Our study has several limitations. Since it is a retrospective analysis, it possesses only a hypothesis-generating character. In addition, the study design does not allow the distinguishing of direct effects of antihypertensive drugs on allograft function from specific factors that may be indicative, such as fluid overload due to reduced diuresis or congestive heart failure, which in turn is associated with poor graft function [38].
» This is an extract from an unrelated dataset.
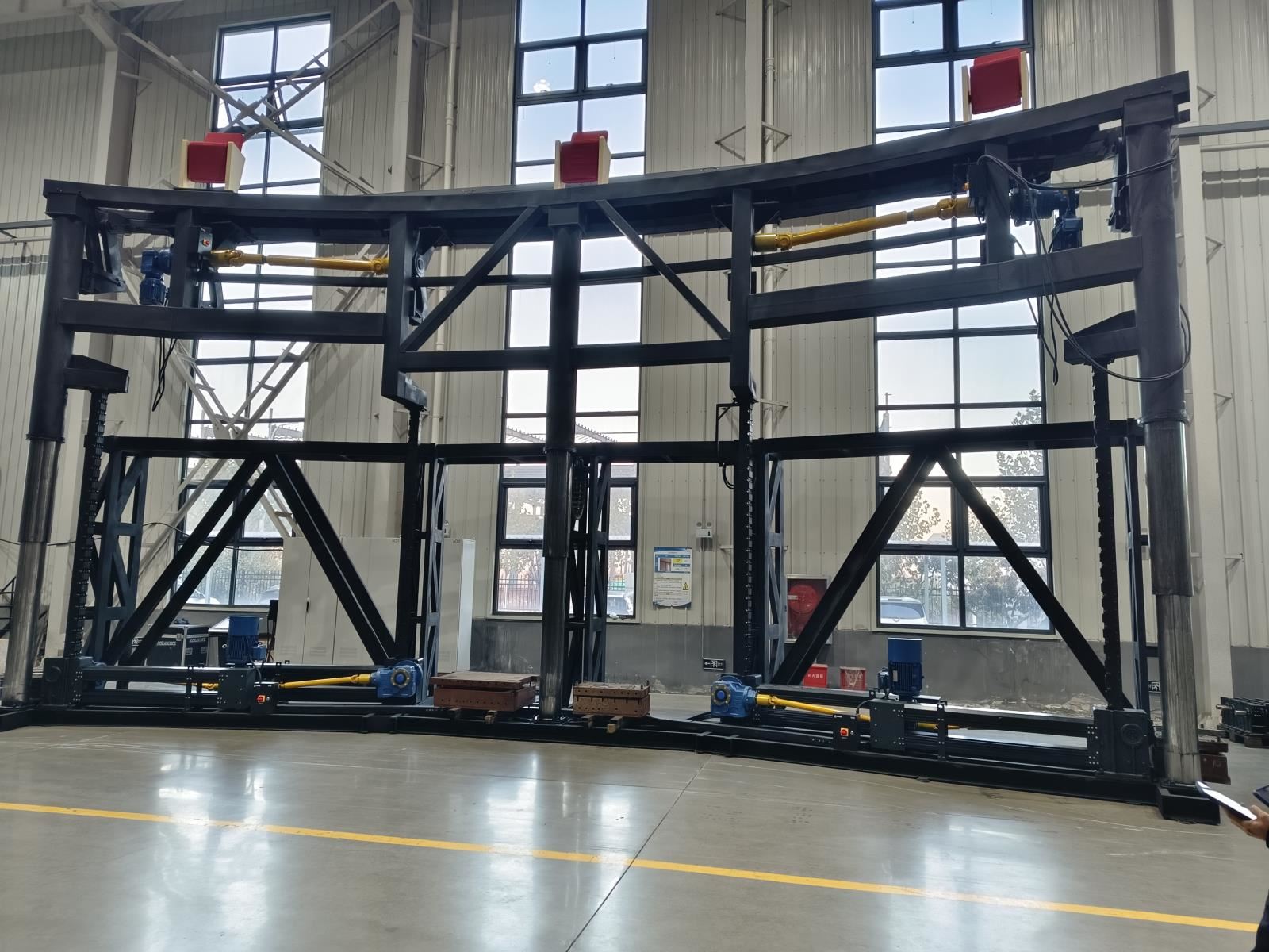 設(shè)備組成:鋼結(jié)構(gòu)臺(tái)架、升降驅(qū)傳動(dòng)裝置、座椅翻轉(zhuǎn)驅(qū)傳動(dòng)裝置、導(dǎo)向系統(tǒng)、行程檢測(cè)裝置、防剪切等安全保護(hù)裝置、控制系統(tǒng)、座椅等。

In summary, this study provides a current overview of the association between antihypertensive therapy and allograft outcome after KTx. Arterial hypertension, the severity of which reflects the number of antihypertensive drugs prescribed to a patient, remains one of the major factors in allograft failure. As our analyses suggest, allograft and/or recipient specific factors that cause AHT, rather than antihypertensive treatment itself, determine the increased risk for allograft failure in patients with advanced antihypertensive medication. Since AHT manifests in a vast majority of KTx patients prospective controlled trials are necessary the further investigate these findings. We must raise the awareness of transplant physicians with regard to monitoring and pharmacological treatment of AHT as it is an important risk factor for chronic dysfunction and failure of allografts, which can be—at least partially—influenced. One should keep in mind that KTx recipients receiving ≥3 different antihypertensive drugs are patients at risk who deserve special attention.